Medical expert of the article
New publications
Anal fissure
Last reviewed: 23.04.2024
All iLive content is medically reviewed or fact checked to ensure as much factual accuracy as possible.
We have strict sourcing guidelines and only link to reputable media sites, academic research institutions and, whenever possible, medically peer reviewed studies. Note that the numbers in parentheses ([1], [2], etc.) are clickable links to these studies.
If you feel that any of our content is inaccurate, out-of-date, or otherwise questionable, please select it and press Ctrl + Enter.
Anal fissure ranks second in frequency among diseases of the rectum, occurs in 60% of cases in women.
Anal fissure (rectal fissure, anal ulcer) is an acute longitudinal rupture or chronic, ovoid form of the ulcer of the flat epithelium of the anal canal. It causes severe pain, sometimes with bleeding, especially when defecating. The diagnosis is established upon examination. Treatment of anal fissure is in local hygiene, the use of stool softeners and, occasionally, injections of botulinum toxin.
What causes an anal fissure?
An anal fissure is believed to develop due to damage to the anal canal with a hard or copious stool with the development of a secondary infection. Injuries (eg, anal sex) are a rare cause. Anal fissure can cause spasm of internal sphincter, which in turn disrupts blood supply and creates conditions for chronic flow.
Anus fracture is a defect in the wall of the anal canal of a linear or triangular shape 1 to 1.5 cm in length, located near the transitional fold above the Hilton line. The origin of the fissure is associated with many causes, but the most important factor is the trauma of the mucous membrane of the anal canal by calves, foreign bodies, damage to it during childbirth. A predisposing factor may be hemorrhoids.
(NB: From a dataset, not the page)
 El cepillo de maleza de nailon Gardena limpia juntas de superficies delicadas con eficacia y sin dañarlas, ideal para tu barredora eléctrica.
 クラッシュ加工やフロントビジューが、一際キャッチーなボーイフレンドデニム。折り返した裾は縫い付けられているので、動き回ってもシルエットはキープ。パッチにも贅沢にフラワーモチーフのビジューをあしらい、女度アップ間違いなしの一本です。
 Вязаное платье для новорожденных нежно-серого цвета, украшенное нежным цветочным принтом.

Acute anal fissure has a slit shape, smooth even edges, the bottom of it is the muscular tissue of the sphincter.
With a long course of the pathological process, the connective tissue grows along the edges of the crack, its bottom is covered with granulations and fibrous plaque. In the region of the outer edge of the crack, excess tissue forms the anal (guard) tubercle. Thus, the acute anal fissure turns into a chronic fissure, which in fact is an ulcer with cicatricial margins and a scar's bottom. Sometimes an acute anal fissure disappears on its own, but more often than not, it changes into a chronic one. As a rule, there is only one crack and more often it is located on the back, closer to the coccyx, the wall of the anal canal. Occasionally there are 2 cracks on the back and front walls, which are one above the other. It is necessary to distinguish the true cracks from various surface damages of the perianal skin.
Symptoms of anal fissure
Anal fissure, as a rule, is located on the back wall along the middle line, but sometimes it can also appear on the front wall. Cracks located away from the midline may have a specific etiology, especially Crohn's disease. In the outer end of the fracture, the dermal papilloma (borderline tubercle) can be located, and in its upper corner there may be an enlarged (hypertrophied) hairy papilla.
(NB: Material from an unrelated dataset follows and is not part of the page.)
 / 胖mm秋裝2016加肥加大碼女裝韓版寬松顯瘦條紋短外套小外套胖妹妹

Acute cracks can be observed in infants, but chronic cracks are rare. Chronic fractures must be differentiated from cancer, primary lesions of syphilis, tuberculosis and ulceration in Crohn's disease.
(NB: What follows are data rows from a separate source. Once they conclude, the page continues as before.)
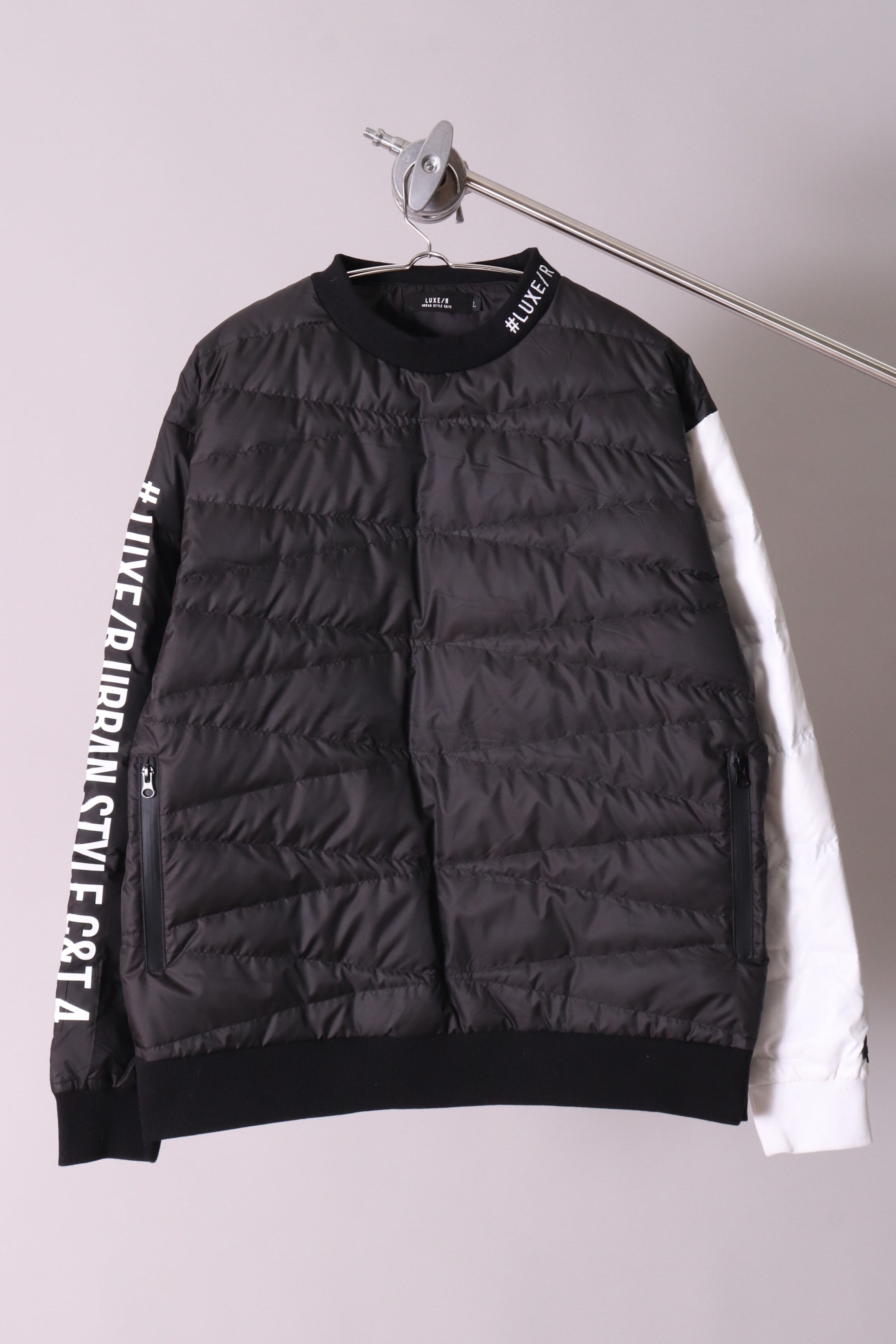 今流行りのダウン素材です!右袖には厚盛ゴムラバープリントしてあります、シックでスポーティな商品です。ジョギング、サッカー、ジムなどあらゆるスポーツに最適です。SET/UPでもご利用頂けます。
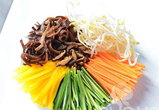 Rau cải bó xôi qua nước sôi sau đó, vớt ra cho ráo nước hoặc vắt cho hết nước. Sau đó, thái nhỏ vừa ăn, ướp rau với chút muối, chút dầu mè , chút vừng rang. Làm tương tự với giá đỗ và nấm kim châm (Trần và ướp với muối, dầu mè và vừng rang).
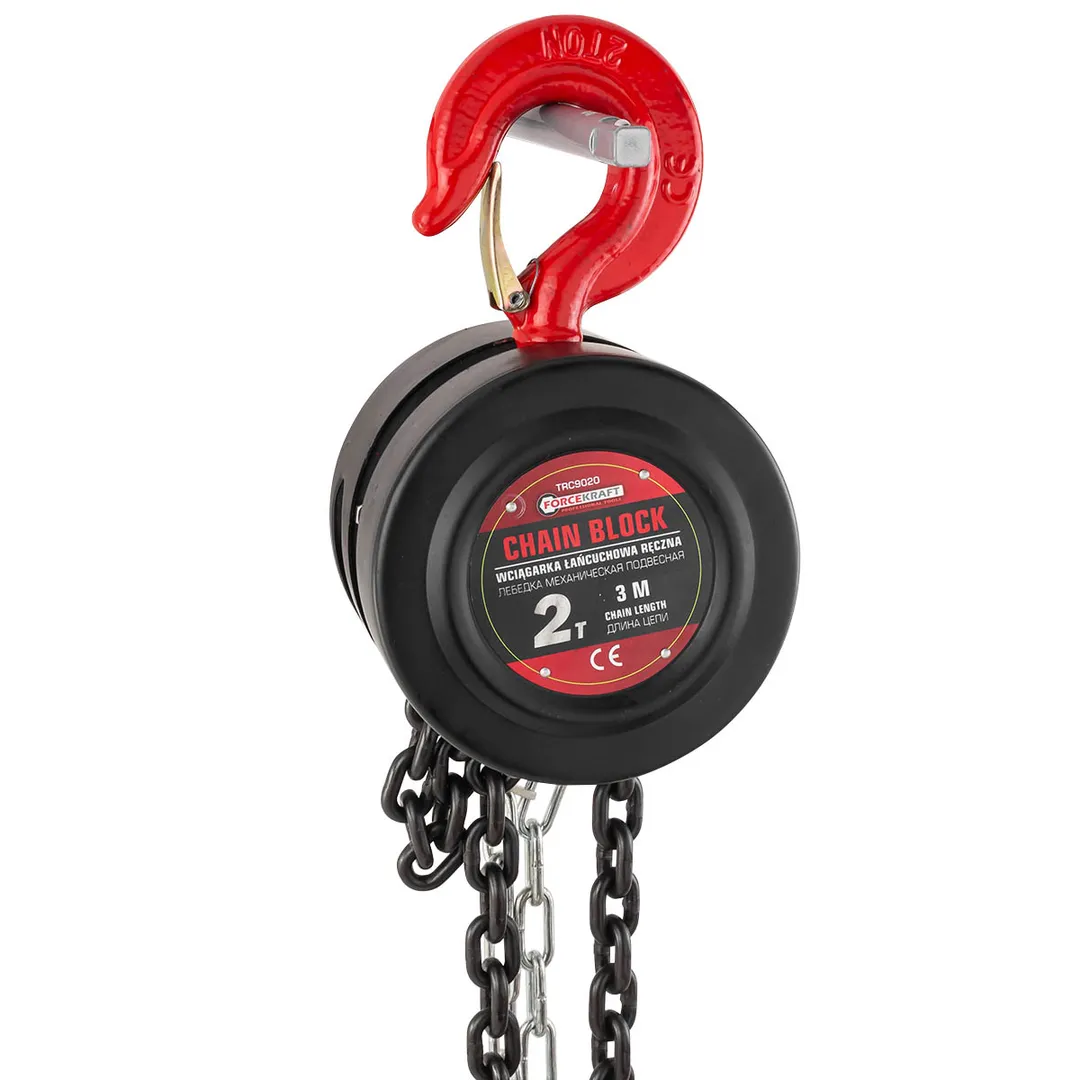 Таль механическая 2 т, цепная, с фиксацией цепи натяжения, L цепи 3 м ForceKraft FK-TRC9020

Cracks cause pain in the anus and bleeding. Pain usually occurs during or after a bowel movement, lasts for several hours and disappears until the next bowel movement.
Where does it hurt?
What's bothering you?
What do need to examine?
How to examine?
Who to contact?
Treatment of anal fissure
Anal fissure often enough yields to conservative treatment, aimed at minimizing trauma during defecation (eg, softeners, stool, psyllium, fiber). Zazhivaniya helps the application of protective ointments based on zinc oxide or soothing suppositories (eg, glycerol), which lubricate the anal canal and facilitate the stool.
Temporary effect is provided by local anesthetics (eg, benzocaine, xichain) and warm (not hot) sedentary baths for 10 or 15 minutes after each defecation and if necessary.
Effective 0.2% nitroglycerin ointment, 0.2% or 0.3% nifedipine cream, arginine gel and injections of botulinus toxin into the internal sphincter, which relax the anal sphincter and reduce the maximal anal rest pressure, creating conditions for healing. If the conservative treatment is ineffective, surgical treatment of the anal fissure (internal anal sphincterotomy and dosed anus enlargement) is shown, which allows eliminating the spasm of the internal anal sphincter.